== Exercise ==
Type out the data exactly as given. Skip any image.

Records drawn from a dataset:
^^^^^^^^
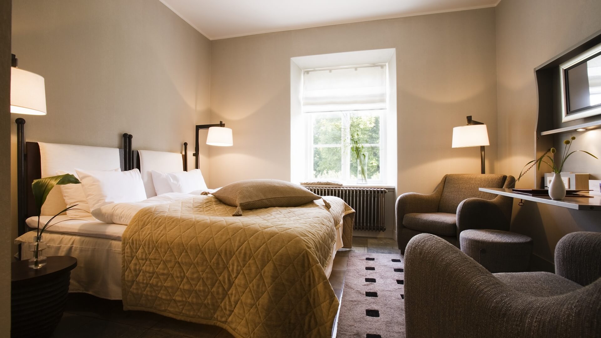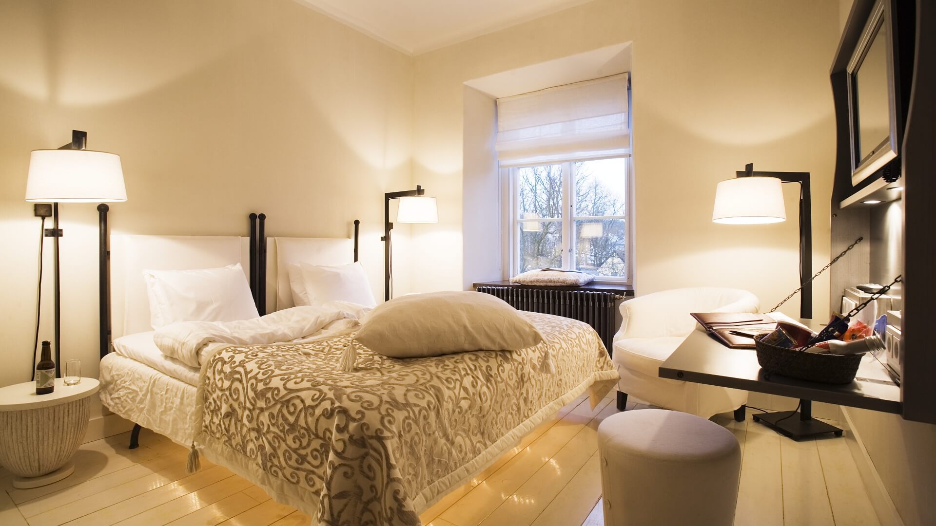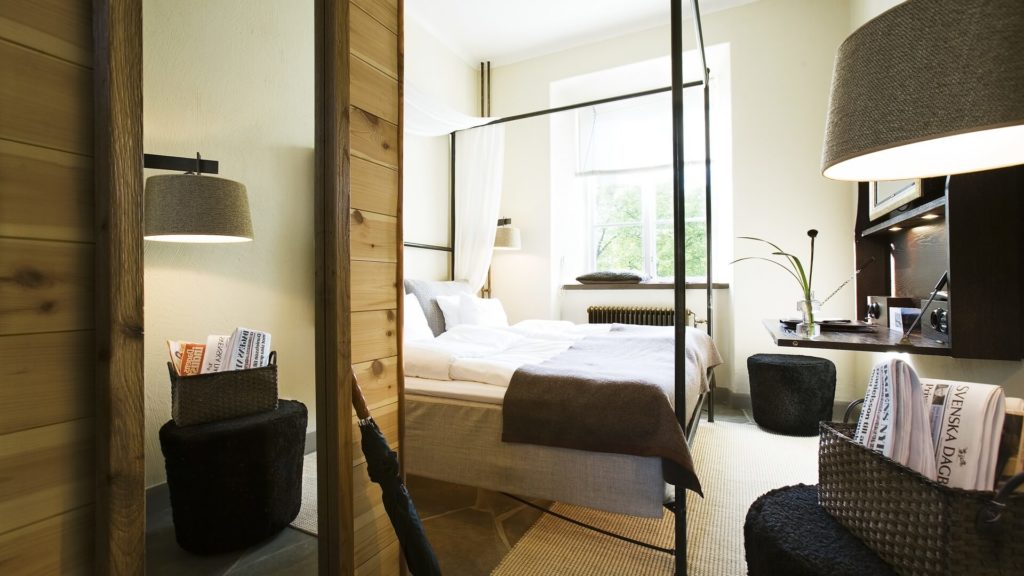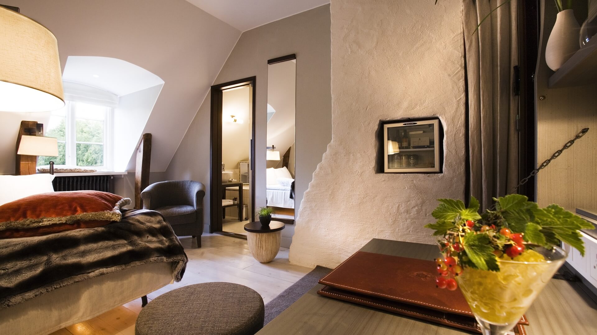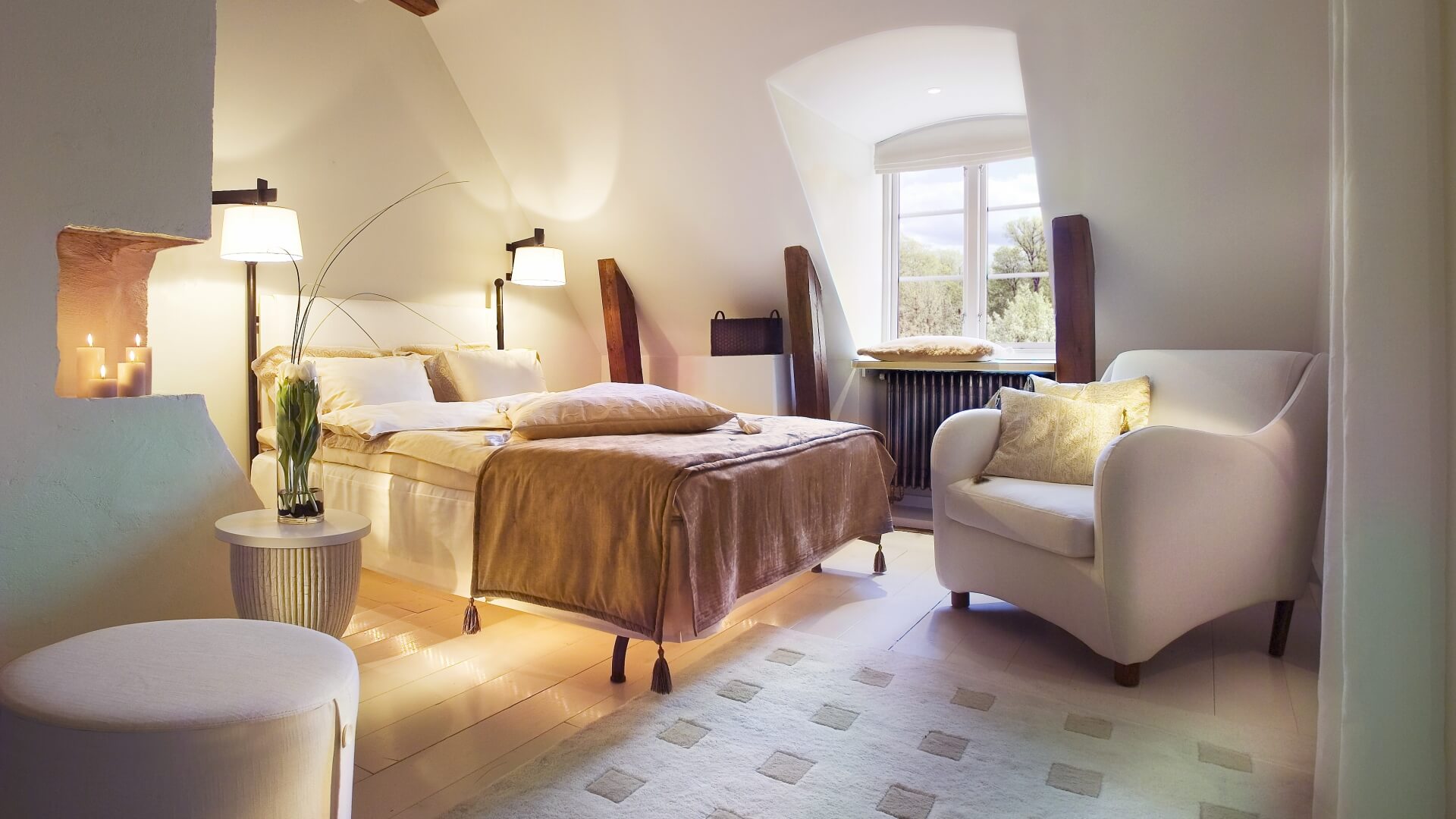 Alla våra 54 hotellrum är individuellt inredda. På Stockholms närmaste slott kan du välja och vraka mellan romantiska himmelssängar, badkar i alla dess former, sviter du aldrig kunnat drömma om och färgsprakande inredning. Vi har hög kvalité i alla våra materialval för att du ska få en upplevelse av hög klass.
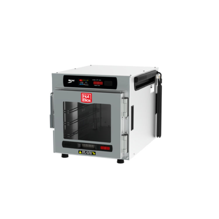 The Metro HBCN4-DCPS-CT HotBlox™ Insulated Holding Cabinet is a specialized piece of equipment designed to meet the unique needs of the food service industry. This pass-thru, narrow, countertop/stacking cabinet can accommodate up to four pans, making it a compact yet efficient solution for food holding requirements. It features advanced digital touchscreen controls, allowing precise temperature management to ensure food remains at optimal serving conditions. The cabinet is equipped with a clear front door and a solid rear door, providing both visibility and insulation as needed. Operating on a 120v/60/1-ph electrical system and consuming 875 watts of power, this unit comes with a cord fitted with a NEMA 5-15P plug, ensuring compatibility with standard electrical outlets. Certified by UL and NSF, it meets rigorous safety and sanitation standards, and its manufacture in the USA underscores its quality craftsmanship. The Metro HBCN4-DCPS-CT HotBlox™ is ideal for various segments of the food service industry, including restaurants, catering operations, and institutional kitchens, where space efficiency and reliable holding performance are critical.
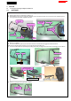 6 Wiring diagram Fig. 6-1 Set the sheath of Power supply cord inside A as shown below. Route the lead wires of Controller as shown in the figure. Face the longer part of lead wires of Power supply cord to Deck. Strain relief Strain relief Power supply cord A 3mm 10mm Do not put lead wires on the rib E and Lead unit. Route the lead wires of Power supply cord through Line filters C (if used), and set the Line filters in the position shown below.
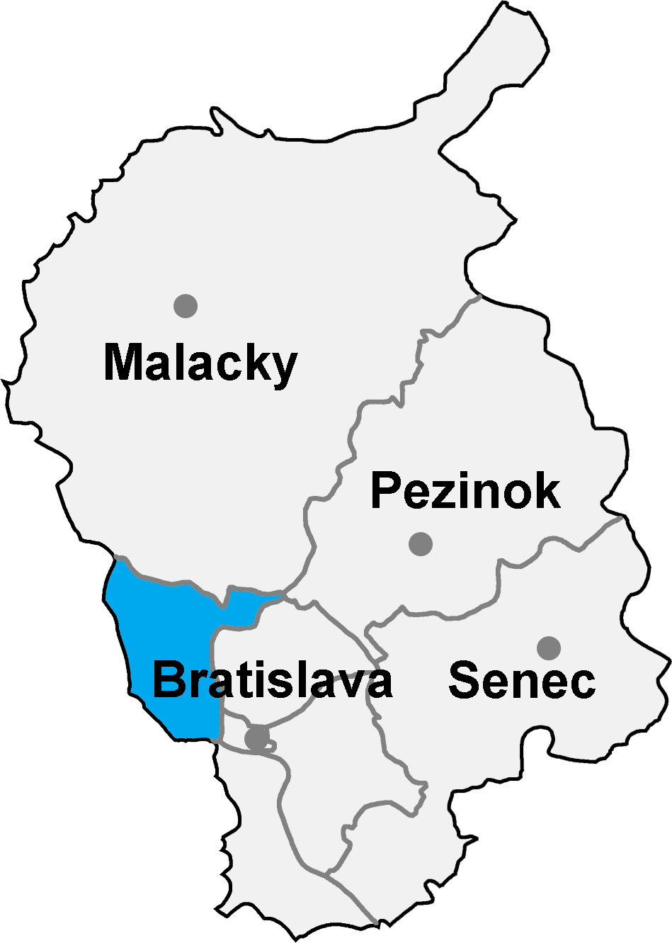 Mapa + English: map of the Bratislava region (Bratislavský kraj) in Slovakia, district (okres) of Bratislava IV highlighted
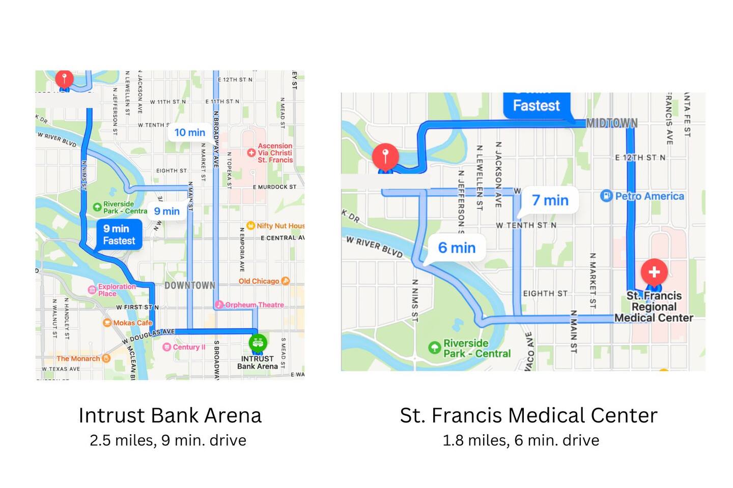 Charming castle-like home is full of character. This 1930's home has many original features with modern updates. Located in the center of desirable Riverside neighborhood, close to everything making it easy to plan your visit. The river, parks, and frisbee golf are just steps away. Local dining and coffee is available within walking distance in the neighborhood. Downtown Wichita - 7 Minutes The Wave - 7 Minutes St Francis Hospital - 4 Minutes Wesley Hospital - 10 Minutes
^^^^^^^^
== Response to this task ==
 Alla våra 54 hotellrum är individuellt inredda. På Stockholms närmaste slott kan du välja och vraka mellan romantiska himmelssängar, badkar i alla dess former, sviter du aldrig kunnat drömma om och färgsprakande inredning. Vi har hög kvalité i alla våra materialval för att du ska få en upplevelse av hög klass.
 The Metro HBCN4-DCPS-CT HotBlox™ Insulated Holding Cabinet is a specialized piece of equipment designed to meet the unique needs of the food service industry. This pass-thru, narrow, countertop/stacking cabinet can accommodate up to four pans, making it a compact yet efficient solution for food holding requirements. It features advanced digital touchscreen controls, allowing precise temperature management to ensure food remains at optimal serving conditions. The cabinet is equipped with a clear front door and a solid rear door, providing both visibility and insulation as needed. Operating on a 120v/60/1-ph electrical system and consuming 875 watts of power, this unit comes with a cord fitted with a NEMA 5-15P plug, ensuring compatibility with standard electrical outlets. Certified by UL and NSF, it meets rigorous safety and sanitation standards, and its manufacture in the USA underscores its quality craftsmanship. The Metro HBCN4-DCPS-CT HotBlox™ is ideal for various segments of the food service industry, including restaurants, catering operations, and institutional kitchens, where space efficiency and reliable holding performance are critical.
 6 Wiring diagram Fig. 6-1 Set the sheath of Power supply cord inside A as shown below. Route the lead wires of Controller as shown in the figure. Face the longer part of lead wires of Power supply cord to Deck. Strain relief Strain relief Power supply cord A 3mm 10mm Do not put lead wires on the rib E and Lead unit. Route the lead wires of Power supply cord through Line filters C (if used), and set the Line filters in the position shown below.
 Mapa + English: map of the Bratislava region (Bratislavský kraj) in Slovakia, district (okres) of Bratislava IV highlighted
 Charming castle-like home is full of character. This 1930's home has many original features with modern updates. Located in the center of desirable Riverside neighborhood, close to everything making it easy to plan your visit. The river, parks, and frisbee golf are just steps away. Local dining and coffee is available within walking distance in the neighborhood. Downtown Wichita - 7 Minutes The Wave - 7 Minutes St Francis Hospital - 4 Minutes Wesley Hospital - 10 Minutes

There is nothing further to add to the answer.